Pollywog, Stilts & Salt Water Taffy Trust Fund Money To Enter Political Fray


The Turley Sisters are out to make it a competitive race!

When it was announced recently that Cylde and Rebecca Hundsinger, the billionaire ultra conservatives behind ALLIED ACME Industries, were deciding on which nonhuman presidential candidate to back with their Super PAC, another power group surfaced with its own Super PAC ideas.

The Turley Sisters of Tulsa, Oklahoma, who are listed in the nation’s top 100 wealthiest families, have decided to form a Super PAC because “they don’t trust that liberal Hudsinger couple to do right by God-fearin’ folks. They dress in far too revealing a manner and appear to have no earthly control over their ravenous libidos. The Hudsingers shant taint the political waters with their wantonness ways,” said a Turley family spokesperson.

The Turly fortune was made by great grandfather Augustus Turley who revolutionized retail with his Turly Pollywog, Stilts & Saltwater Taffy Emporium in 1892. His retail empire spread like wildfire on fire and soon every American city with a population over 10 had a Turley Emporium. With a fortune amassed, the Turley empire eventually crumbled as Americans lost interest in baby frogs, height enhancing sticks and salty confections.

“The Turley family has always believed in good clean living,” said a spokesperson, “and the Turley Sisters will not allow political libertines like Cylde and Rebecca Hundsinger to pollute the purity of our nation’s soul.”

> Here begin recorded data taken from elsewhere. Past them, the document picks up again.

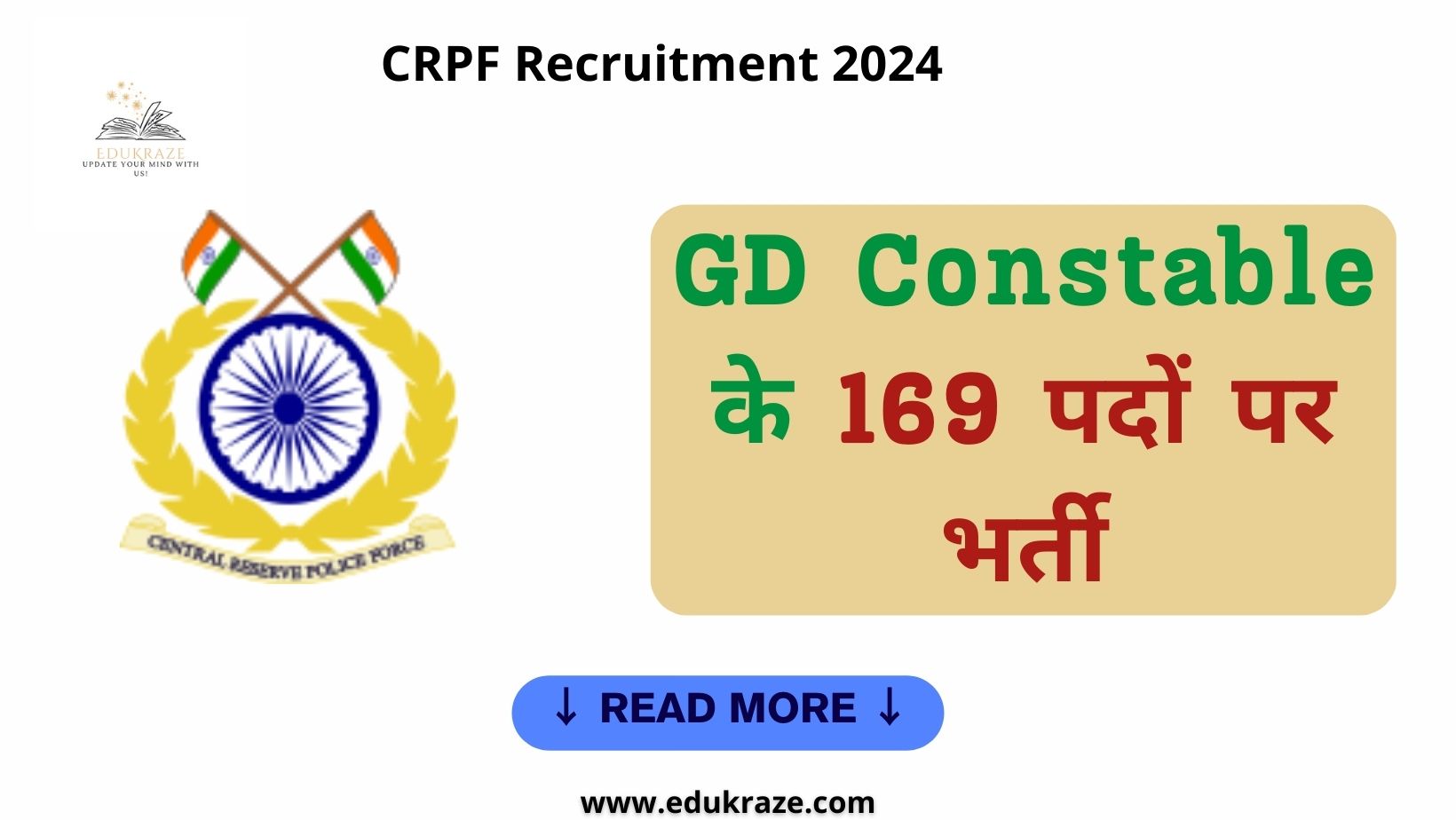 CRPF Recruitment 2024 Notification For 169 GD Constable Vacancies; Apply Online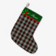 Reizender karierter WeihnachtsStrumpf getan im roten, grünen, schwarzen und weißen traditionellen Fraser Kleidertartanmuster. Die Spitzenfront des Strumpfs ist im Grün, mit einem roten Akzentband unterhalb sie und in den Grafiken eines festlichen grünen und roten Stechpalme Sprig, auf dem links erfolgt. Personifizieren Sie den weißen Text zum Anzug Ihr Bedarf.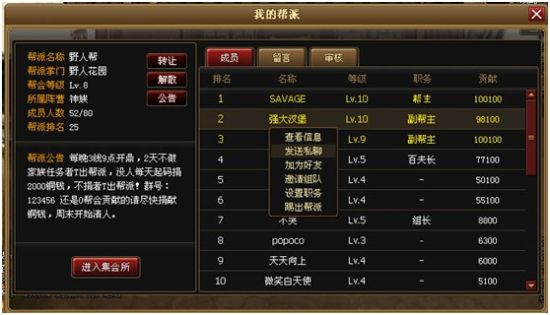 当你达到一定等级后,只需要花费一定的铜钱,玩家可建立自己的帮派。要知道自立门户并非那么轻松,无论是资金还是实力都需要一个坚实的基础,这样才能为你的帮派发扬光大做足准备。有了地盘,就要开始招人了。你可以招很多玩家加入你的帮派,并且协助你一同经营。当你建立好帮派后,输入帮派名称,便成为该帮派掌门。成为掌门,就能够拥有转让帮派、解散帮派、发布帮派公告等权利。这时候大家就一同恭贺你成为大掌门了,祝你飞黄腾达,打遍天下无敌手。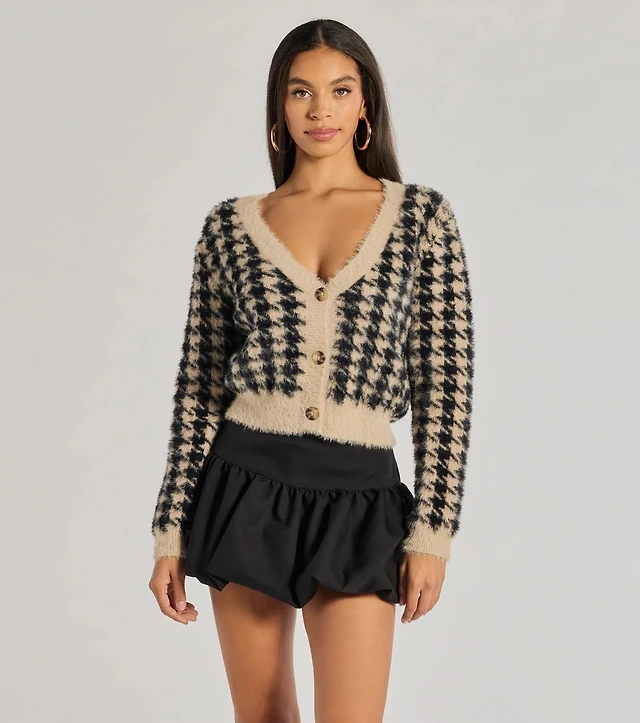 Polished Cozy Houndstooth Eyelash Knit Cardigan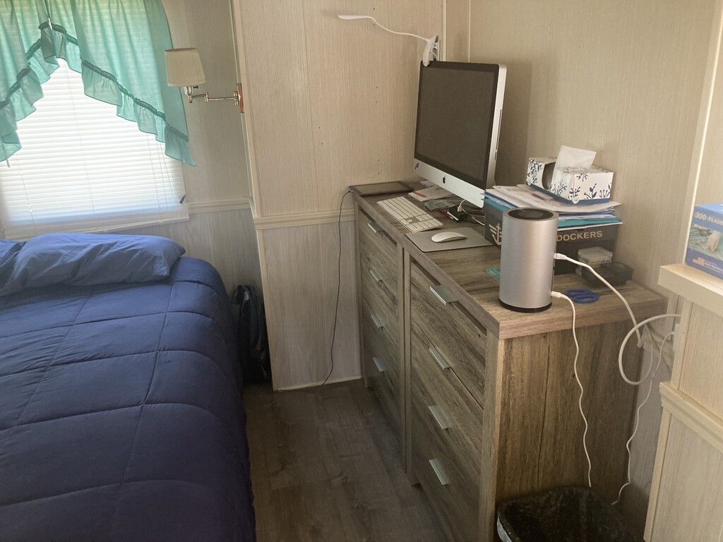 This is a mobile home in a 55+ gated community. Short- or long-term lease new roof, stove, above stove Mico stove mattress and refrigerator. Completely furnished. Large screen/family room. 12x25 Cable--Internet--Water--Lawn Care-- are Included in the Rent!!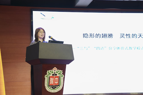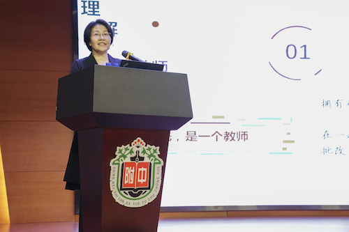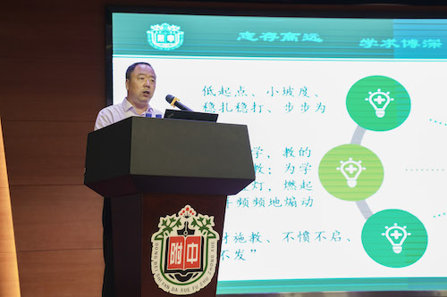 东北师大附中校长邵志豪首先做了会议致辞,他在致辞中倡导学术性成长是教师从教书匠走向教育家的最有效路径,希望教师致力于教学学术,走向未来教育家。会议第二项,由东北师大附中五位名师做学术报告。物理正高级教师卫青山做了题为“智慧课堂“五环”教学模式的建构”的报告,详细的介绍了他在多年教学实践中提炼的智慧课堂“五环”教学模式。地理正高级教师郎云华做了“如何成为一名学术型教师”的报告,详细的阐述了他在30年从教经验基础上总结出来的对于学术型教师内涵和成长路径的理解。生物高级教师高毅做了以“让学生成为学习的主人”的报告,向大家介绍了基于生物学科教学的学生主体性教育思想。语文高级教师唐雪晶以“隐形的翅膀·灵性的天空”为主题,与大家分享了“三与”“四适”分享体验式教学模式。物理正高级教师谭晓春将自己在多年教学中提炼的“本源教学”思想系统的介绍给大家。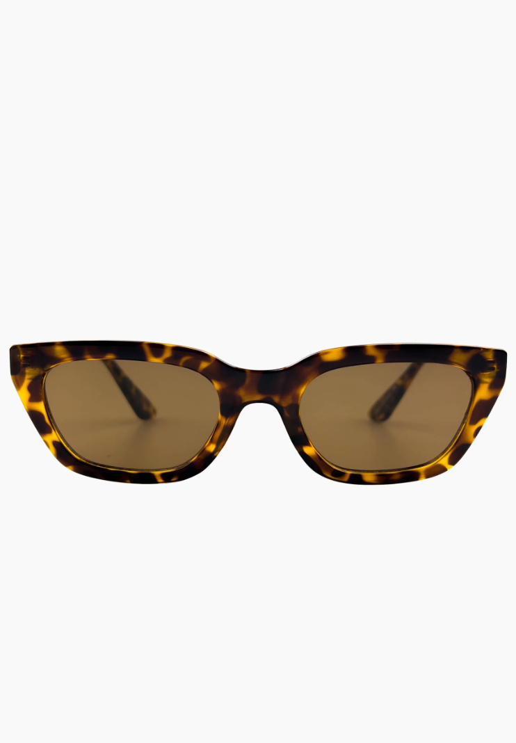 Klassisk og feminin solbrille med en avrundet cateye-fasong. Tortoiseshell-innfatningen gir et tidløst uttrykk, mens de brune linsene gir både stil og beskyttelse med 100 % UV-filter. Leveres med et beskyttende vegansk etui.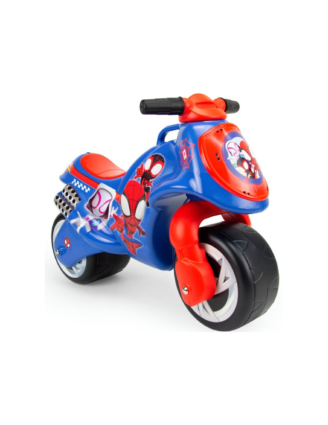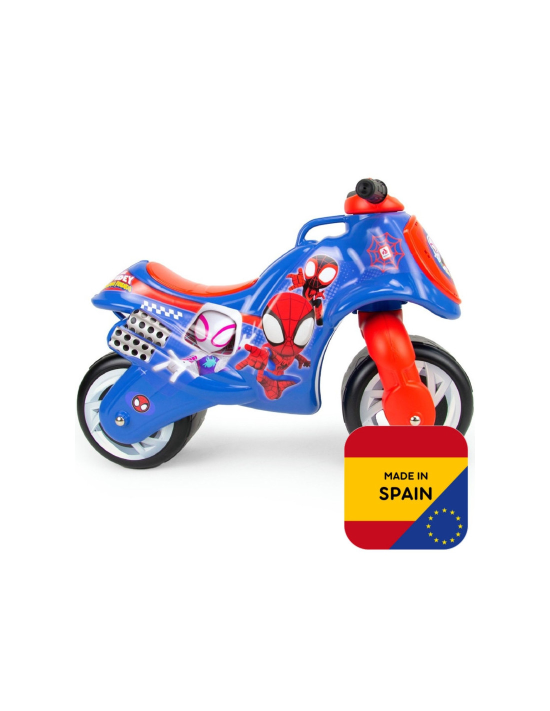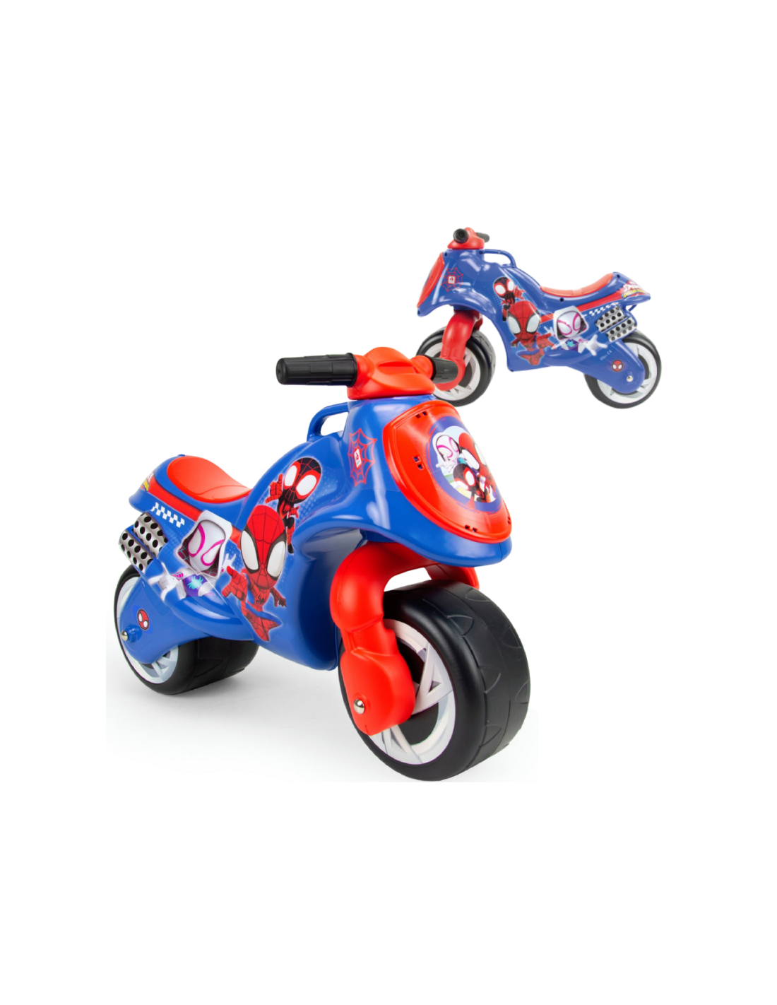 The Neox Spidey ride-on is an officially licensed Marvel Studios toy, with the original designs of the iconic superhero. Its decoration is waterproof and permanent, using the IML (Injection Mould Labelling) technique. Includes a carry handle for easy parental control.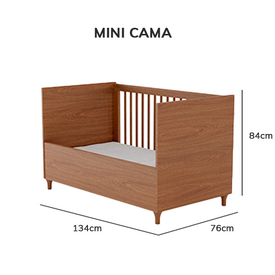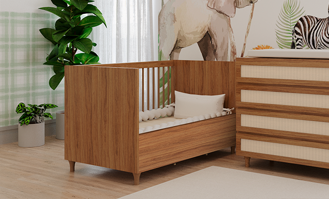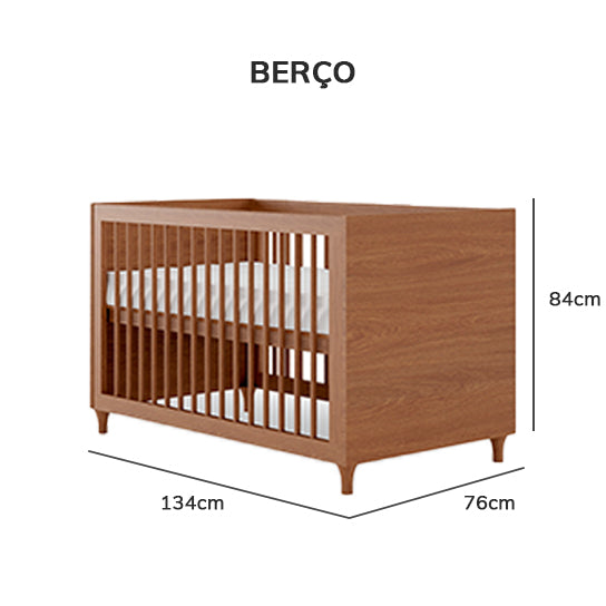 O Berço Haus Nature é multifuncional. Seu estilo moderno combinado ao design discreto e cor freijó permite que seja usado para quartos de menino e menina com estilo moderno. Possui:

It is rumored the Turley Sisters are holding extensive interviews with all nonhuman candidates before deciding on where to put their Super PAC money support.


19 responses to “Pollywog, Stilts & Salt Water Taffy Trust Fund Money To Enter Political Fray”

  1. There used to be a Turley Emporium in my hometown. We had a winning basketball team for years and years because the smallest of our small children learned how to walk on Turley stilts from the day they started walking. By the time they reached high school, the smallest person on our basketball team stood 6’5″. The tallest was 7’3″. The only problem with the stilts was that people who could use them proficiently frequently used them to peer into windows around town at night. They not only learned too much about what should have been kept secret, they occasionally frightened the bejeezus out of little old ladies who had no secrets, other than ones they’d forgotten years earlier due to senility.

  2. I suppose every American family has a similar fond Turley Emporium story.

    It was a sad day for tailors when America lost its appetite for stilts. Suddenly there was no need for the 218″ inseam alteration. Also, a sad for peeping toms of second stories.

    Alas, our nation lost its innocence when we had to resort to cherry pickers for our second story gawking.

    Thanks for relating your tear-worthy tale, Curvin.

  3. It’s not hard to figure out why the Turley business eventually failed. Those dolts from Oklahoma we’re making their saltwater taffy using salty water! Duh. Even Snookie knows better than that.

  4. Salt water taffy is an extruded material largely composed of saccharides. Although not chemically similar in structure, it shares qualities with the fruit cake. Salt water taffy is intended to be a souvenir and not fit for human consumption.

  5. Well, Bill, I think now we know why you’re not writing copy for a candy company.

    “Saccharides that satisfy, yum dee yum yum yum!”

  6. What’s the skinny on Peeps, the tiny candy chicks you see this time of the year? Sugar? Saccharides?

  7. Or, are peeps made from a substance not found on earth but brought to us from a distant galaxy?

    Mayhap The Easter Bunny knows.

  8. Could be they’re goodies brought to us by extraterrestrial beings who can’t give the damn things away during the off-season where they come from. We must have off-season items we could send to them. Galoshes during the summer, for example. It could be a big business for us, especially if the extraterrestrial beings have many feet. Someone should let the president know. Maybe he could set up a special trade mission.

  9. You raise interesting points. If peeps are from outer space, I think they could become a political hot potato. Would we have peeps tarifs, trade restrictions, fears of great trade deficits? Would there be exchange rate issues? Would we worry about illegal aliens? Wouldn’t they ALL be aliens?

    Curvin, you may have opened a Pandora’s box no one wants to look into. Suggest we padlock the damn thing, eat a couple peeps, get through Easter and continue walking.

  10. Have you taken a close look at Peeps, Patrick? They’re a bright yellow that isn’t found in nature. Not to be too graphic about it, my friend, but Peeps look like baby poop.